**Information supplied**
┏━━
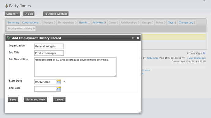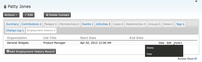 If a custom field set is active, its fields can be viewed and changed. Otherwise, the fields are in the CiviCVRM system but hidden from the user interface. This option can be valuable for managing your data, especially if you are migrating from an existing database system.
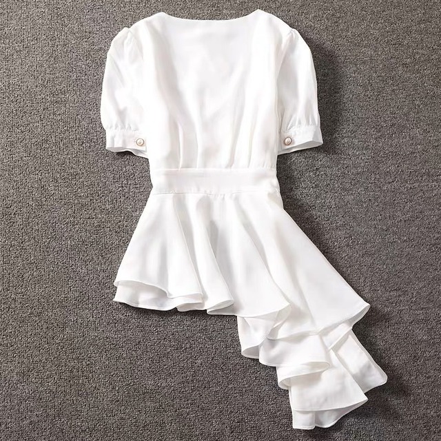 ◇商品説明◇ アシンメトリーなカットのフリルが特徴で、華やかな印象を与えます。柔らかな素材で快適な着心地を提供し、カジュアルなスタイリングからフェミニンなコーディネートまで幅広く活用できます。トレンド感を持ちながらも快適さを追求した一枚です。 ◇色◇ ホワイト、ブラック(画像参照) ◇サイズ◇S/M/L/XL 【S】着丈57/79cmバスト82cm 袖丈25cm 肩幅31cm 【M】着丈58/80cm バスト86cm 袖丈26cm 肩幅32cm 【L】着丈59/81cmバスト90cm 袖丈27cm 肩幅33cm 【XL】着丈60/82cmバスト94cm 袖丈28cm 肩幅34cm ◇納期◇ ご注文後(決済完了後)から2週間~4週間 (土日祝は除く) 納期は目安になります。 ※決済完了確認後からの発注となります。 メーカーの都合や入荷時期により遅れる場合もございますので ご了承のほどよろしくお願い申し上げます。 ・メーカー側より直送での発送となります。 稀に在庫切れの場合がございますが万が一、在庫切れの場合は欠品の連絡、キャンセル処理をさせて頂きます。 【ご購入前に】 ご利用ガイドを必ずお読み下さい。 ・商品画像と実物の色には多少見え方に誤差がございます。 ・記載された目安サイズは商品によって1-3cmほど差がある場合がございますので、目安としてご活用ください。 ・海外製品のため、日本製より縫製等が若干劣る場合がございますが不良品ではございませんので予めご了承下さい。 ・お取り寄せ先の情報との誤差により、在庫を確保できない場合がございますので予めご了承くださいませ。 ・お客様都合での返品交換はお受け出来かねますのでサイズやカラーのお間違いのないようご確認下さいませ。 ご購入前に必ずお買い物ガイドをお読み下さいませ。
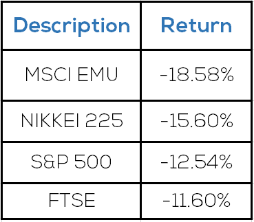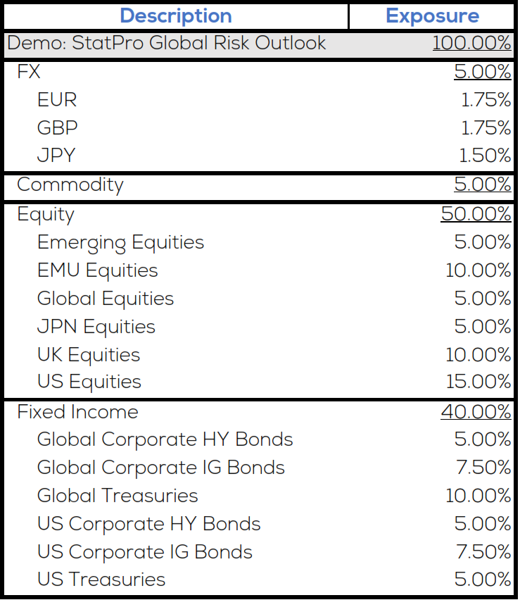 In this global risk outlook blog series, the sample portfolio will be rebalanced quarterly to maintain reporting integrity and will follow: 50% in global equities including emerging, and developed markets with bias towards US, UK and Europe, 40% in global fixed income spanning corporate, sovereign, high yield and investment grade, 5% in FX trading across EUR, GBP and JPY, and 5% in global commodities.
┗━━
**Assignment**
Could you print the data exactly as it appears and keep the pictures out?

**Task solution**
 If a custom field set is active, its fields can be viewed and changed. Otherwise, the fields are in the CiviCVRM system but hidden from the user interface. This option can be valuable for managing your data, especially if you are migrating from an existing database system.
 ◇商品説明◇ アシンメトリーなカットのフリルが特徴で、華やかな印象を与えます。柔らかな素材で快適な着心地を提供し、カジュアルなスタイリングからフェミニンなコーディネートまで幅広く活用できます。トレンド感を持ちながらも快適さを追求した一枚です。 ◇色◇ ホワイト、ブラック(画像参照) ◇サイズ◇S/M/L/XL 【S】着丈57/79cmバスト82cm 袖丈25cm 肩幅31cm 【M】着丈58/80cm バスト86cm 袖丈26cm 肩幅32cm 【L】着丈59/81cmバスト90cm 袖丈27cm 肩幅33cm 【XL】着丈60/82cmバスト94cm 袖丈28cm 肩幅34cm ◇納期◇ ご注文後(決済完了後)から2週間~4週間 (土日祝は除く) 納期は目安になります。 ※決済完了確認後からの発注となります。 メーカーの都合や入荷時期により遅れる場合もございますので ご了承のほどよろしくお願い申し上げます。 ・メーカー側より直送での発送となります。 稀に在庫切れの場合がございますが万が一、在庫切れの場合は欠品の連絡、キャンセル処理をさせて頂きます。 【ご購入前に】 ご利用ガイドを必ずお読み下さい。 ・商品画像と実物の色には多少見え方に誤差がございます。 ・記載された目安サイズは商品によって1-3cmほど差がある場合がございますので、目安としてご活用ください。 ・海外製品のため、日本製より縫製等が若干劣る場合がございますが不良品ではございませんので予めご了承下さい。 ・お取り寄せ先の情報との誤差により、在庫を確保できない場合がございますので予めご了承くださいませ。 ・お客様都合での返品交換はお受け出来かねますのでサイズやカラーのお間違いのないようご確認下さいませ。 ご購入前に必ずお買い物ガイドをお読み下さいませ。
 In this global risk outlook blog series, the sample portfolio will be rebalanced quarterly to maintain reporting integrity and will follow: 50% in global equities including emerging, and developed markets with bias towards US, UK and Europe, 40% in global fixed income spanning corporate, sovereign, high yield and investment grade, 5% in FX trading across EUR, GBP and JPY, and 5% in global commodities.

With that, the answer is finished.